I have dataframe
company = pd.DataFrame({'coid': [1,2,3],
'coname': ['BRIGHT SUNLtd','TrustCo. New Era','PteTreasury']})
I want to separate Ltd, Co., and Pte from the text in coname, so the result will be like this:
coid coname
1 BRIGHT SUN Ltd
2 Trust Co. New Era
3 Pte Treasury
CodePudding user response:
You could use a replacement dictionary, which is quite useful if you should need to add more replacements in the future:
Code:
company = pd.DataFrame({'coid': [1,2,3],
'coname': ['BRIGHT SUNLtd','TrustCo. New Era','PteTreasury']})
replacements = {'Ltd':' Ltd',
'Co.':' Co.',
'Pte':'Pte '}
company["coname"].replace(replacements, regex=True, inplace=True)
print(company)
Output:
coid coname
0 1 BRIGHT SUN Ltd
1 2 Trust Co. New Era
2 3 Pte Treasury
CodePudding user response:
You can use a regex with lookarounds:
company['coname'] = company['coname'].str.replace(r'(?<=\S)(?=Ltd\b|Co\b)|(?<=Pte)(?=\S)', ' ', regex=True)
Output:
coid coname
0 1 BRIGHT SUN Ltd
1 2 Trust Co. New Era
2 3 Pte Treasury
from a list of terms to replace:
space_before = ['Ltd', 'Co']
space_after = ['Pte']
import re
before = "|".join(re.escape(x) r"\b" for x in space_before)

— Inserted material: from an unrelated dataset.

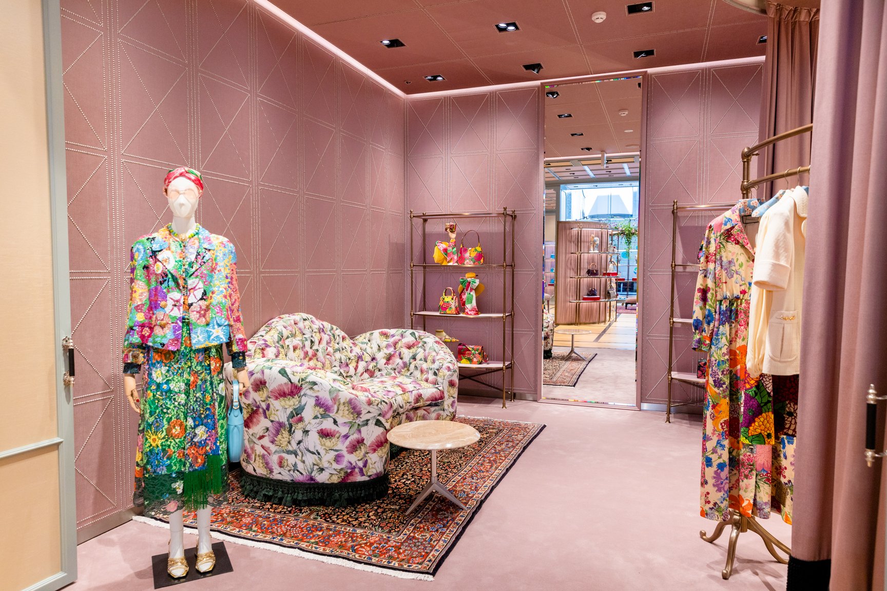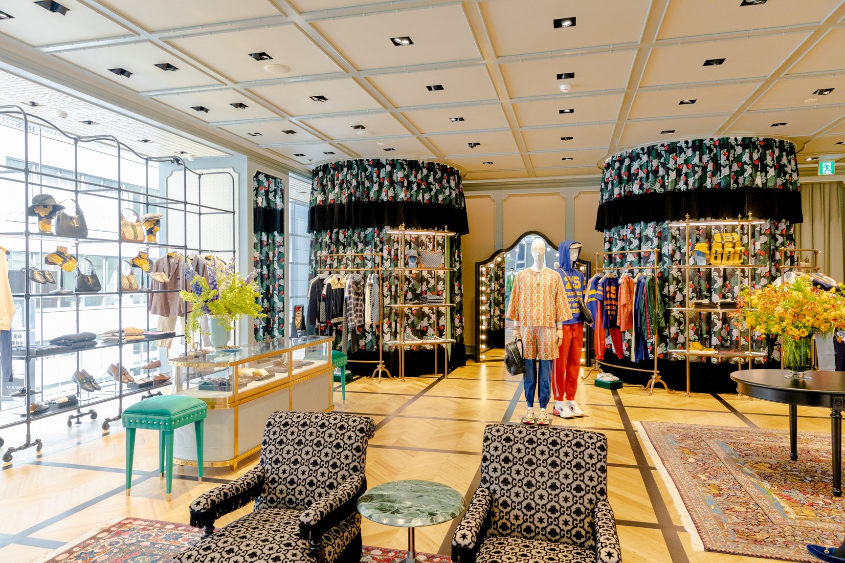 新店舗は4フロアのうち、1階のウィメンズと2階のメンズの売り場がオープン。続いて今秋、3階に日本初展開となる完全予約制のホームウェアサロン「グッチアパートメント(Gucci Apartment)」、そして年内を目処にフィレンツェとロサンゼルスに次ぐ世界3店舗目となるレストラン「グッチ オステリア ダ マッシモ ボットゥーラ」と段階的にオープンする予定で、ファッション、ライフスタイル、食といった様々な側面からアレッサンドロ・ミケーレ(Alessandro Michele)が手掛けるグッチのクリエイティブ・ビジョンを発信していく。

after = '|'.join(f'(?<={x})' for x in space_after)
pattern = fr'(?<=\S)(?={before})|(?:{after})(?=\S)'
# '(?<=\\S)(?=Ltd\\b|Co\\b)|(?:(?<=Pte))(?=\\S)'
company['coname'] = company['coname'].str.replace(pattern, ' ', regex=True)
CodePudding user response:
If there are only three cases that you have shown in your question, you can simply use .replace()
to replace an original one with the one with a preceding space.
for example:
company['coname'] = company['coname'].str.replace('Ltd', ' Ltd')
company['coname'] = company['coname'].str.replace('Co.', ' Co.')
company['coname'] = company['coname'].str.replace('Treasury', ' Treasury')
CodePudding user response:
company['coname'] = company['coname'].str.replace(r'(?i)(Ltd|Co\.|Pte)', r' \1 ', regex=True).str.strip()
Regex description https://regex101.com/r/c26fT6/1
0 BRIGHT SUN Ltd
1 Trust Co. New Era
2 Pte Treasury
Name: coname, dtype: object